Styphelia rectiloba
- Conservation status: Priority Three — Poorly Known Taxa (DEC)

Scientific classification
- Kingdom: Plantae
- Clade: Tracheophytes
- Clade: Angiosperms
- Clade: Eudicots
- Clade: Asterids
- Order: Ericales
- Family: Ericaceae
- Genus: Styphelia
- Species: S. rectiloba
- Binomial name: Styphelia rectiloba Hislop

= Styphelia rectiloba =

- Genus: Styphelia
- Species: rectiloba
- Authority: Hislop
- Conservation status: P3

Species of flowering plants

Styphelia rectiloba is a species of flowering plant in the heath family Ericaceae and is endemic to a small area in the south of Western Australia. It is a spreading, compact shrub with hairy young branchlets, sharply-pointed egg-shaped leaves, and cream-coloured, tube-shaped flowers.

==Description==
Styphelia rectiloba is a spreading, compact shrub with hairy young branchlets, that typically grows to up to 1.5 m high and wide. Its leaves are egg-shaped, 6–11 mm long, 2.5–3.5 mm wide and sharply pointed, on a petiole 0.5–1.0 mm long. The flowers are arranged singly or in groups of up to 4 in leaf axils and are erect and sessile with egg-shaped bracts 0.7–1.2 mm long and bracteoles 1.8–2.5 mm long and 1.4–1.6 mm wide. The sepals are narrowly egg-shaped, 3.8–4.5 mm long and 1.4–1.7 mm wide and greenish at first, later brown. The petals are cream-coloured and joined at the base to form a tube 3.4–4.2 mm long and 1.3–1.6 mm wide, with lobes that are turned back and 2.4–3.2 mm long. Flowering has been observed between December and June, and the fruit is about 3.0–4.0 mm long and 1.5–2.0 mm wide.

==Taxonomy==
Styphelia rectiloba was first formally described in 2019 by Michael Hislop in the journal Nuytsia from specimens he collected near Kambalda in 2013. The specific epithet (rectiloba) means "straight lobes".

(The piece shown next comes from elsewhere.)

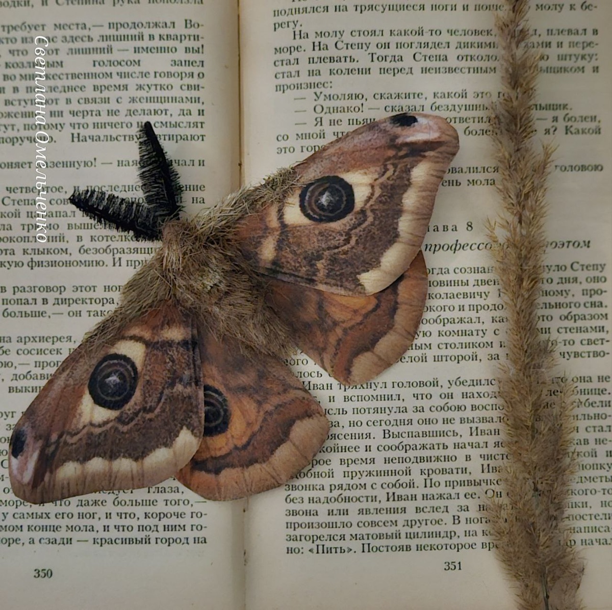 Брошь мотылек. Большой . Размах крыльев 16см. Холодный фарфор. 4500р

==Distribution and habitat==
This styphelia is only known from a few populations near Kambalda where it grows in open woodland or heath in rocky soils on or near granite breakaways in the Coolgardie bioregion of southern Western Australia.

==Conservation status==
Styphelia rectiloba is listed as "Priority Three" by the Western Australian Government Department of Biodiversity, Conservation and Attractions, meaning that it is poorly known and known from only a few locations but is not under imminent threat.